OP's husband reads as a decent man, who has identified that he needs sex to feel happy and has made a proposal to his wife in response to her repeated failure to even demonstrate willing to make any progress. The open relationship suggestion is probably an attempt to shock her a bit, to either tell him she doesn't care about intimacy with him or to start taking steps together (which she has done - I think things are salvageable from here) - I don't imagine that he would actually have an open relationship in practice, because he would end up having an affair and leaving for a more rounded relationship if he were given a green light to seek sex from someone who wasn't his wife. But it doesn't read to me that this is what he is actually wanting to happen. Most women don't get the chance to save their marriage before an affair occurs.

ReneBumsWombats · 23/11/2022 09:37

It's also worth remembering that there's a difference between not having sex for medical reasons, and not having sex because you're being rejected and your partner doesn't think it matters. That's probably what destroys people more than simply not getting it.

MaybeIWillFuckOffThen · 23/11/2022 10:07

@nookierookie

They probably are the women who would describe themselves as having an urge to have kids above all else and who are dispensing advice to other women on other boards that always involves martyring themselves and having nothing for themselves - "just cosleep forever", "breastfeed round the clock at 3, they are only young once".

I'm really confused about this bit. Is it your view that there's something wrong with women who feel a strong biological urge to have and nurture children? Or something lesser? I just don't completely see what it has to do with the conversation in hand... You sound very angry with women who do attachment parenting, and I'm not sure why?

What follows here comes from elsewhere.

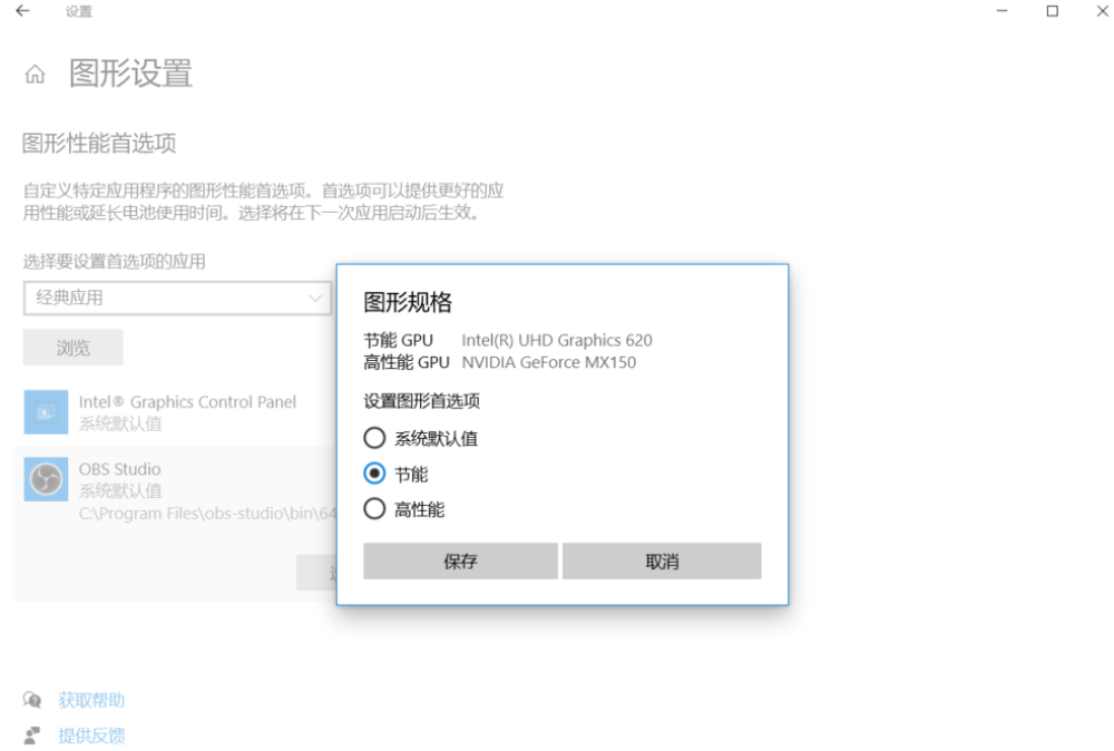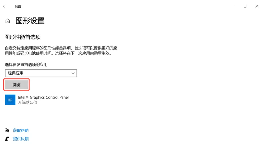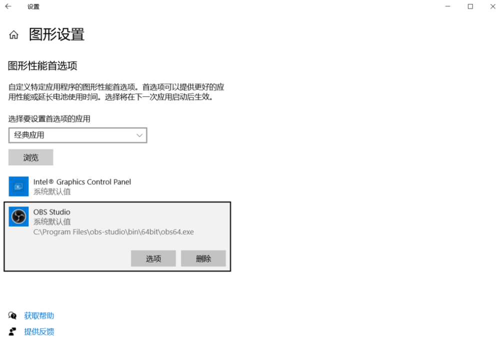 进入图形设置窗口,如图,点击【浏览】,找到OBS软件安装位置,选择OBS64.exe文件;

Rhondaa · 23/11/2022 10:14

ReneBumsWombats · 23/11/2022 09:37

It's also worth remembering that there's a difference between not having sex for medical reasons, and not having sex because you're being rejected and your partner doesn't think it matters. That's probably what destroys people more than simply not getting it.

Absolutely this and of course in the immediate aftermath of childbirth and those sleepless nights no-one would dispute anyone putting sex on the back burner but years down the line life is usually less chaotic. It is rejecting your partner and if they did that back I'm sure the op would be rightly upset.

LemonDrop22 · 23/11/2022 10:17

even consensual non-monogamy

This would not be consensual non monogamy.